Consolidation has already reshaped the landscape — Disney merging Hulu into Disney+, Warner folding Discovery+ into MAX, and Paramount+ consuming Showtime. These moves may cut costs, but they also reduce competition and limit variety. As companies scramble to satisfy shareholders, streaming risks drifting closer to the very model it was supposed to replace. And that’s the uncomfortable reality at the core of the streaming vs cable argument: neither side is truly solving consumer frustrations.

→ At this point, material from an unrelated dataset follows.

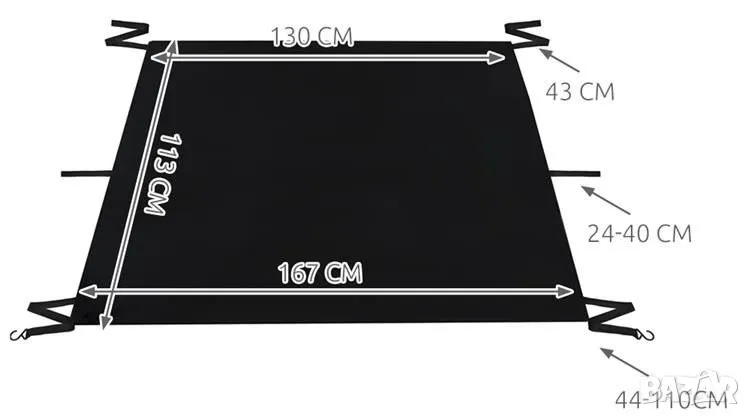 Бързо и стабилно монтиране – Закрепва се лесно с помощта на вратите и се закрепва за огледалата и гумите, осигурявайки стабилност дори при силен вятър.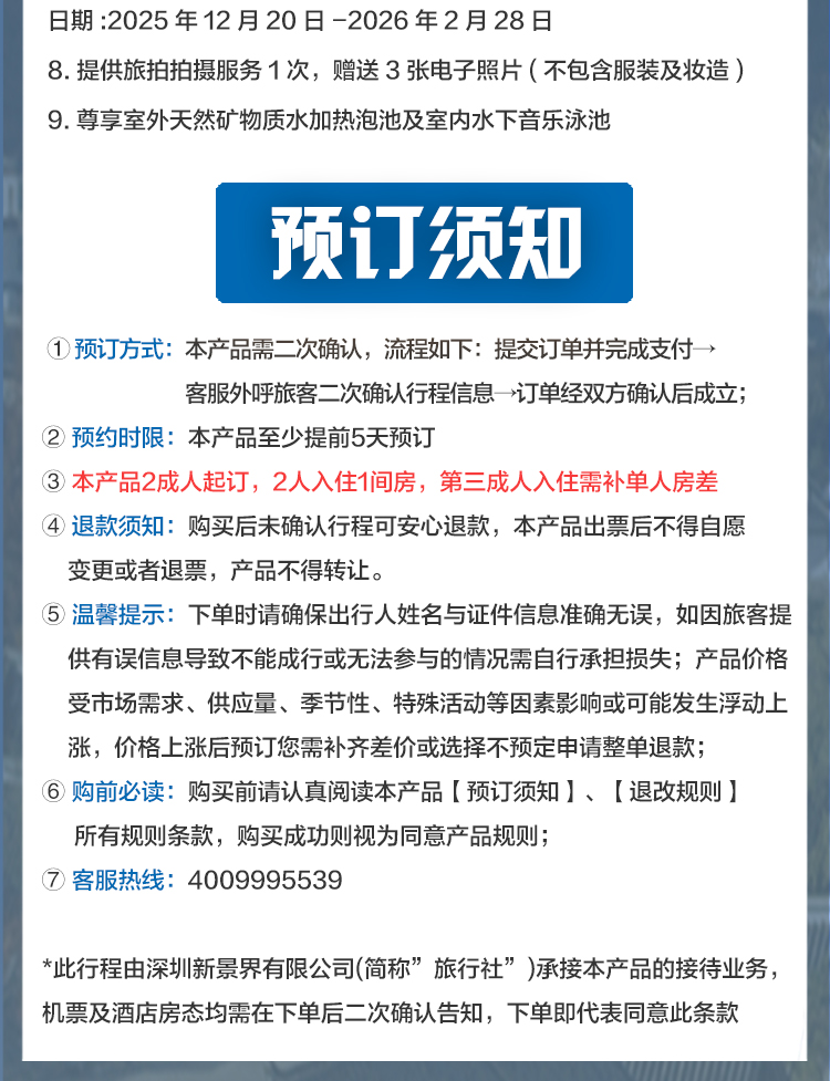 2. 本产品2人起订,至少提前5天预订,预订结果以预订成功短信为准。舱位/酒店房间数量有限,先订先得,不接受指定航班日期及酒店入住日期。

Streaming vs Cable: Where Things Stand in 2025
The services today really do offer something for everyone. No one ever watched every single channel they paid for with cable, so it feels misguided to bash streaming for that same reason. Still, the modern issue is different: subscribers jumping from one service to another, binging a single show, and cancelling immediately afterward. That churn creates an awful customer retention rate — a nightmare for executives trying to maintain shareholder confidence in an already unstable model.
But the constant claim on social media that we’re simply “returning to cable” is objectively false. If anything, entertainment has gotten cheaper. For heavy television watchers, the difference may feel negligible, but for budget-conscious viewers, the choice is clear: Netflix, MAX, Disney+, and Peacock together cost less than $60 a month before taxes. At its peak, cable charged more than that just for a base package, not including DVRs or extra boxes — and without giving viewers the freedom to decide what, when, and how they watch. In the streaming vs cable comparison, cost remains one of streaming’s clearest advantages.

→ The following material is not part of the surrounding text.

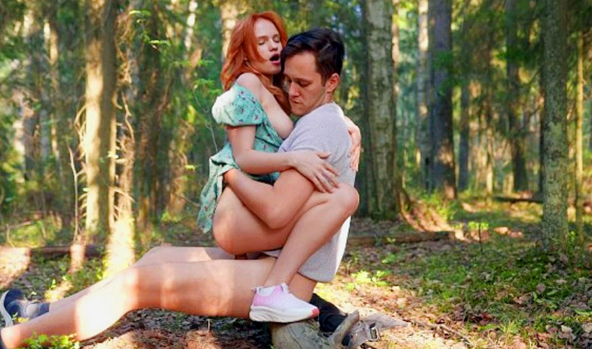 Наконец-то наступило лето и зимний лес оделся в великолепный зеленый наряд. Вот под эту-то марку паренек и пригласил на прогулку по лесу свою очаровательную рыжую подругу. Та с большим удовольствием пошла в кусты и уже совсем скоро повелась на интимное предложение молодца заняться сексом. В итоге секс на свежем воздухе в парочке позиций и отлично проведенное время.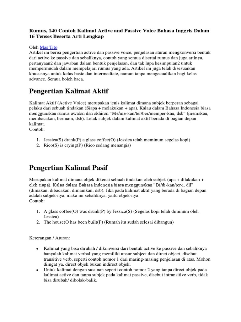 Realitanya kalimat kalimat bahasa inggris itu tidak hanya ditulis atau dibicarakan dengan tense sederhana seperti di atas. Tenses digunakan hampir disemua english skills seperti listening speaking reading dan. Oleh karena itu tenses bahasa inggris juga memiliki bentuk aktif dan bentuk pasif kita harus belajar membedakan antara kalimat aktif dan kalimat pasif untuk berhasil berbahasa inggris dengan baik dan benar. Macam penggunaan rumus dan contoh kalimat 16 macam tenses bahasa inggris. Isinya setiap tenses berisi kalimat aktif dan pasif dan juga nominal dan verbal. Saya mohon maaf jika yang dikatakan saya di atas kurang berkenan.

Live television will always exist in some form, especially on free broadcast networks, but cable doesn’t have the same security. Its future is tethered almost entirely to live sports. Even that is eroding. Sinclair’s 2023 bankruptcy obliterated regional sports networks, leaving MLB teams like the Padres to pivot entirely to MLB.tv. That trend is spreading as more franchises transition to league-produced streaming options, cutting cable out of the equation.

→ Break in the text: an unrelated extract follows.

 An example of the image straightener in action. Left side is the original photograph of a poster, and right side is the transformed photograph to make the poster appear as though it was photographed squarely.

Despite this, cable isn’t dead. There are still millions of subscribers — far more than people assume — and there will always be an audience for live programming that requires no effort to find. But cable’s long-term survival may depend on acquisition by tech giants like Amazon or Apple, who could use cable infrastructure to prop up their broader streaming ecosystems. We’ve already seen Disney experiment with this hybrid model by airing Hulu’s Only Murders in the Building on ABC, exposing broadcast viewers to a streaming-exclusive hit.
The other lifeline for traditional TV is live formatting beyond sports. Reality competitions like The Masked Singer and The Voice thrive because they demand immediate viewing. Miss an episode, and social media spoils it instantly. Compared to prestige dramas, these live shows are cheaper to produce, faster to market, and harder to replace with on-demand alternatives.
Heading into 2025, television sits at a crossroads. For viewers, this is an unprecedented golden age of choice: thousands of shows, films, and live events are available at your fingertips, anytime, anywhere. For studios, the picture is less rosy. The streaming vs cable war has left both sides with fractured identities — cable relying almost entirely on sports and news, streaming grappling with unsustainable budgets and customer churn. Decisions made in the next few years will determine whether this era of abundance stabilises into something sustainable or collapses into a new form of bundled monotony.
For now, the best thing we can do is enjoy the sheer volume of high-quality content available — because whether through streaming or cable, the television industry is still trying to figure out what comes next.